The Pilot has a specially designated USB port for smartphones. When you plug the smartphone into this port the car app automatically launches. I bought a USB cord that supports both microUSB and Lightning connectors.
I've played with both Android Auto and Car Play. While generally similar in function, as expected, they differ greatly in execution.
For example, when Car Play launches the iPhone screen is still usable. You can still interact with the screen. On an Android when Android Auto launches the screen goes blank and the only way to interact is with the Pilot's touch screen.
On the iPhone apps have to be specifically designated as enabled for Car Play. This results in that you can only use Apple Maps for navigation and not Google Maps.
On an Android phone there is much more flexibility. There is a list of apps available in each category. In the audio section on my phone you can choose from Google Music, Pocket Cast or Tune In.
But most of the time I want to just listen to the radio. It took a little exploring but you can do that and the setting persists over turning the car off and on. What I did is after the car app launched, press "Home" on the Infotainment system then choose "Audio". Press "FM" and the radio will begin playing. The car app will still override with navigation prompts.

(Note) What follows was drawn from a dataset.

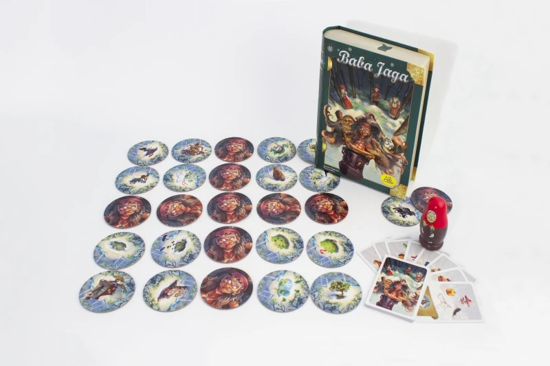 Hra obsahuje: 16 žetonů lesa, 10 žetonů dráhy letu, 1 žeton domu Baby Jagy, 20 karet kouzel, 1 figurka baby Jagy, pohádku a pravidla.
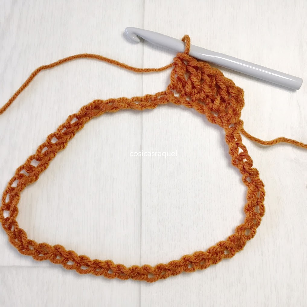 5.- *3cad, 1pa en cada punto (100pa), une con pr a la tercera cad* , continua así * tejiendo vueltas dobles hasta la largura que te guste.

I played with both Apple Maps and Google Maps for navigation. Apple Maps is, well, Apple Maps. To my surprise the first time I used Apple Maps it cautioned me about traffic congestion ahead of me without my giving it a destination. Google Maps does that all the time but I wasn't expecting Apple Maps to do that.
That is about the only surprise I got from Apple Maps.

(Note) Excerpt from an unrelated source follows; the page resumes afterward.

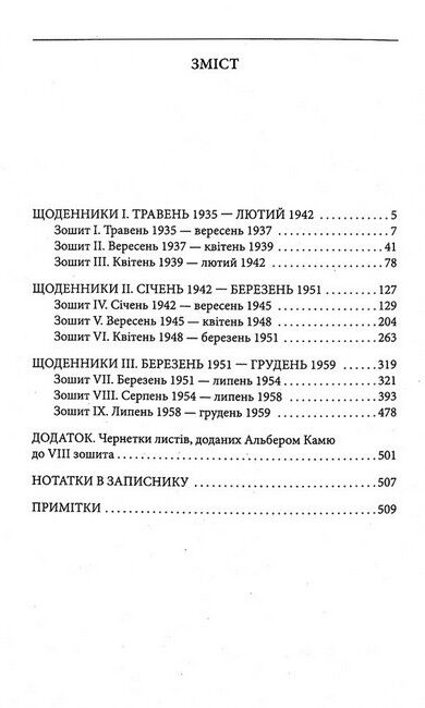 Починаючи з 1935 року і до самої смерті у 1960-му, коли він загинув в автомобільній аварії, Альбер Камю, письменник, який ще за життя став класиком французької літератури, вів свої так звані зошити. Щоб уникнути плутанини із іншими нотатками — «Зошитами Альбера Камю», — перші видавці обрали назву «Щоденники».

Comparing to Google Maps, Apple Maps doesn't give lane directions on upcoming turns, doesn't do pinch to zoom, and doesn't use the Pilot's dashboard display (more later). I probably don't need to tell you that Apple's directions still aren't as good as Google's. My daughter lives in a neighborhood with a street that has been closed for a decade or more. Apple Maps insists on routing visitors to that closed street.
As you approach a turn Apple Maps presents a redundant representation of the upcoming turn. I couldn't figure out why until I used Google Maps. When that same event occurs Google Maps sends that mini representation to the Pilot's dashboard where the mileage or tire pressure is displayed! How awesome.
When using navigation on Android Auto you can mute the navigation prompts. But even better you can mute the navigation prompts EXCEPT if there's a traffic alert.
And just as a bonus Google Maps will show you gas stations and prices.
I've liked using Android Auto so much that I've added a line to my cell phone plan and left my old Moto X in the Pilot all the time.